# Bose Amp Cover?



## gogs (Dec 22, 2010)

Wondering if anyone else remembers this, i thought id seen a thread regarding water damage to the Bose amp and details about an upgrade part Audi fitted to some newer cars to shield the Bose amp from water damage, I've looked through the posts the search function through up but can't now find this, does anyone remember this or have a pic of this shield/Cover and a part number?

Sent from my iPhone using Tapatalk


----------



## Spaceman10 (Nov 15, 2011)

Hi

I had mine repaired and fitted a shield to protect the amp.
I read on here to use a 2lt pop bottle cut in half long ways bolt the top of the bottle to the top bolt for the amp.
As I under stand if water does get on to the bottle half it just runs down it and not on to the amp.

Hope this helps

Phil


----------



## gogs (Dec 22, 2010)

Hi Phil,

Yeah i remember seeing that post, i covered the amp in foil to protect it but thought id read about a plastic type shield that Audi introduced as a result of the water issue, i may go that route but am almost certain i seen this shield on the forum (i may have dreamt it i guess !)

Sent from my iPhone using Tapatalk


----------



## Spaceman10 (Nov 15, 2011)

I didn't see that one from audi.
Would be intrested to know if they did do a retro fit for it.
You would think they would of design it better

Good old audi, they get so many thing right but some things so wrong on these cars :?

Phil


----------



## gogs (Dec 22, 2010)

I may be talking complete crap Phil !

Sent from my iPhone using Tapatalk


----------



## Spaceman10 (Nov 15, 2011)

Lol 
I think the pop bottle one is really good Gordon, I have not check mine since I fitted it but hopefully it working OK to keep the water off 

Phil


----------



## malstt (Apr 18, 2007)

Where is the amp ? May need to do this.

Sent from my SM-G900F using Tapatalk


----------



## gogs (Dec 22, 2010)

I remember seeing someone use a 5ltr plastic container (screen wash type) in a similar fashion as the pop bottle

Sent from my iPhone using Tapatalk


----------



## gogs (Dec 22, 2010)

malstt said:


> Where is the amp ? May need to do this.
> 
> Sent from my SM-G900F using Tapatalk


Passenger side boot, remove the trim and its fitted behind the wheel arch

Sent from my iPhone using Tapatalk


----------



## TT-driver (Sep 14, 2010)

gogs said:


> I may be talking complete crap Phil !
> 
> Sent from my iPhone using Tapatalk


No you're not.
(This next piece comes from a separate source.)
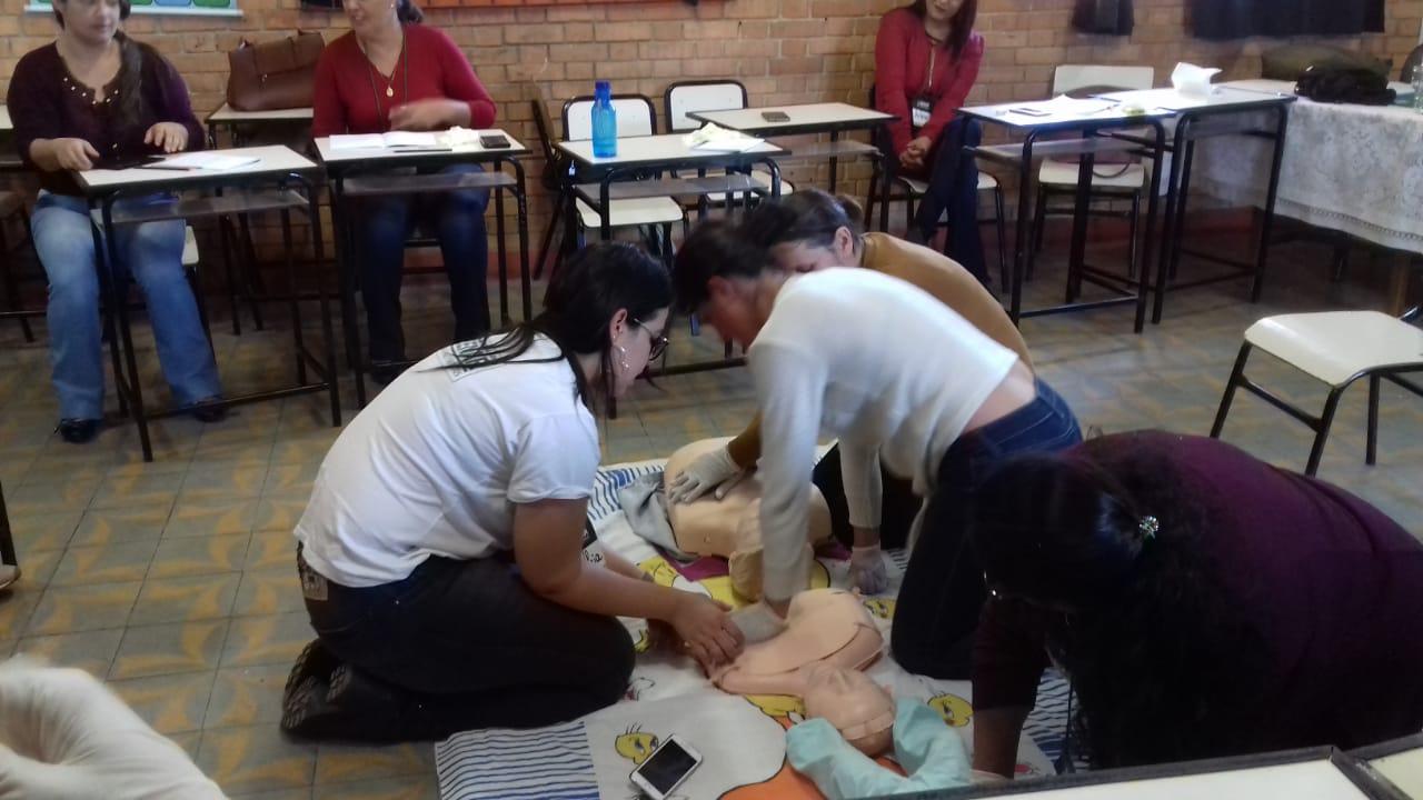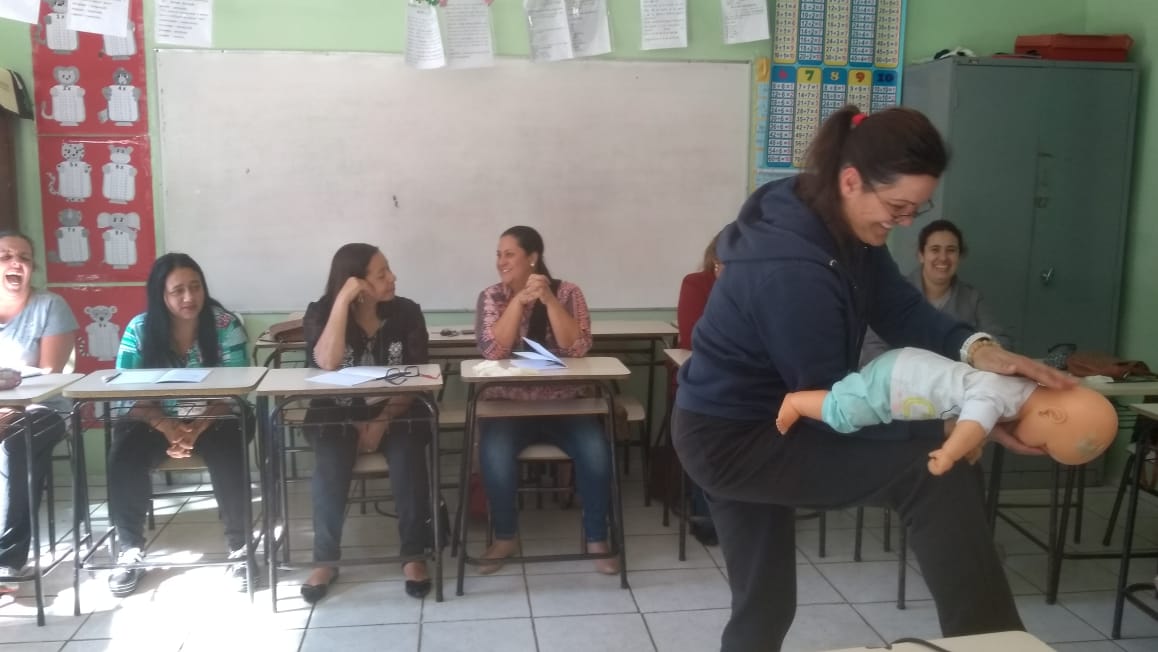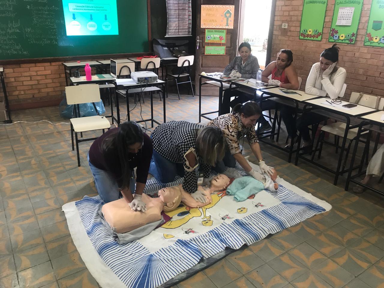 O treinamento, com aula teórica e prática foi para 30 profissionais da educação entre servidoras, professores, auxiliares e gestores das Cemeis e escolas municipais urbanas e rurais. A instrutora do Senar, a enfermeira Cinthia Feliciano D’assunção foi a responsável pelo conteúdo. As aulas ocorreram em duas turmas na Escola Municipal Sagrado Coração de Jesus e na Escola Municipal Frei Florentino as diretoras, Marli A. Dias Salomão e Valéria Xavier M. B. Lima, também passaram pelo treinamento. “Os profissionais receberam instruções para realizarem os primeiros socorros em situações de urgência e emergência, como manobras para reverter convulsões, desmaios, engasgos e paradas cardiorrespiratórias, “ explica a Marli Salomão, gestora municipal.

I remember the same. But that info didn't come with a part number, nor with a picture. Else I would have stored it in my own knowledge base.


----------



## gogs (Dec 22, 2010)

Well at least I'm not totally losing it ! I definitely remember seeing a clear plastic cover for it, maybe a home made thing !

Sent from my iPhone using Tapatalk


----------



## malstt (Apr 18, 2007)

Thanks for the info 

Sent from my SM-G900F using Tapatalk


----------



## mcdhibs (Jan 13, 2015)

I replaced my Amp recently (£700) and got a poxy bit of plastic with adhesive down one side that you stick to the metal work behind the light to deflect any water.

Mike


----------



## gogs (Dec 22, 2010)

Thats possibly what I've seen, any pics at all?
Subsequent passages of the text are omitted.